__Dataset content__
##########
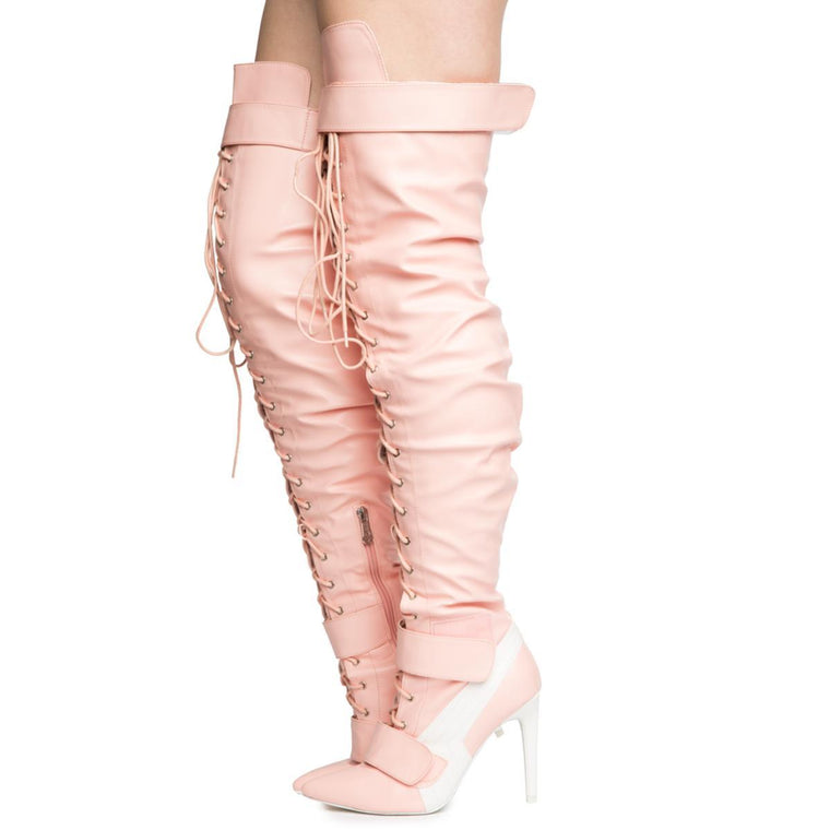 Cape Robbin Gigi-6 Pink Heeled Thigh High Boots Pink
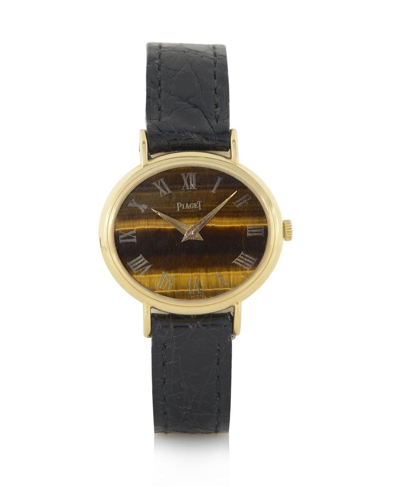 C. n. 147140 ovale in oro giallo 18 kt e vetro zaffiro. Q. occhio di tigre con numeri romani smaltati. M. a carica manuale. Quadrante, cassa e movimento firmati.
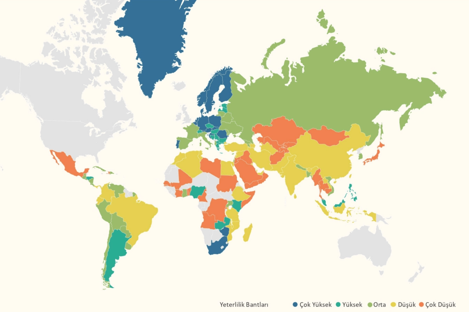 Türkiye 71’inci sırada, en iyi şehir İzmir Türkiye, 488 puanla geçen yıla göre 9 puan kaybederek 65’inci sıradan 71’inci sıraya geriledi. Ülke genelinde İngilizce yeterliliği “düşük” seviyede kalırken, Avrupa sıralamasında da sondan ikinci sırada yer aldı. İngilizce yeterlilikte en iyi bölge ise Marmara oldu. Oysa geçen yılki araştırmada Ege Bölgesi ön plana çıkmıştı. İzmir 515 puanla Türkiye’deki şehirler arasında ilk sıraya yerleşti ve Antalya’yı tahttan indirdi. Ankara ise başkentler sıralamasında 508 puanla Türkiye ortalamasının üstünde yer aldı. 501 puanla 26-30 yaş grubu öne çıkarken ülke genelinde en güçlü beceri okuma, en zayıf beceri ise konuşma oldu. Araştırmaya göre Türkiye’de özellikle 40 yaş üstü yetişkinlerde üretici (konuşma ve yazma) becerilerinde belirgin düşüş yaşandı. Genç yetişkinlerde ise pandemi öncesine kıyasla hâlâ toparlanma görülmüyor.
##########
__What you should do__
Each line of the data should be quoted exactly, with pictures left out.

__Answer__
 Cape Robbin Gigi-6 Pink Heeled Thigh High Boots Pink
 C. n. 147140 ovale in oro giallo 18 kt e vetro zaffiro. Q. occhio di tigre con numeri romani smaltati. M. a carica manuale. Quadrante, cassa e movimento firmati.
 Türkiye 71’inci sırada, en iyi şehir İzmir Türkiye, 488 puanla geçen yıla göre 9 puan kaybederek 65’inci sıradan 71’inci sıraya geriledi. Ülke genelinde İngilizce yeterliliği “düşük” seviyede kalırken, Avrupa sıralamasında da sondan ikinci sırada yer aldı. İngilizce yeterlilikte en iyi bölge ise Marmara oldu. Oysa geçen yılki araştırmada Ege Bölgesi ön plana çıkmıştı. İzmir 515 puanla Türkiye’deki şehirler arasında ilk sıraya yerleşti ve Antalya’yı tahttan indirdi. Ankara ise başkentler sıralamasında 508 puanla Türkiye ortalamasının üstünde yer aldı. 501 puanla 26-30 yaş grubu öne çıkarken ülke genelinde en güçlü beceri okuma, en zayıf beceri ise konuşma oldu. Araştırmaya göre Türkiye’de özellikle 40 yaş üstü yetişkinlerde üretici (konuşma ve yazma) becerilerinde belirgin düşüş yaşandı. Genç yetişkinlerde ise pandemi öncesine kıyasla hâlâ toparlanma görülmüyor.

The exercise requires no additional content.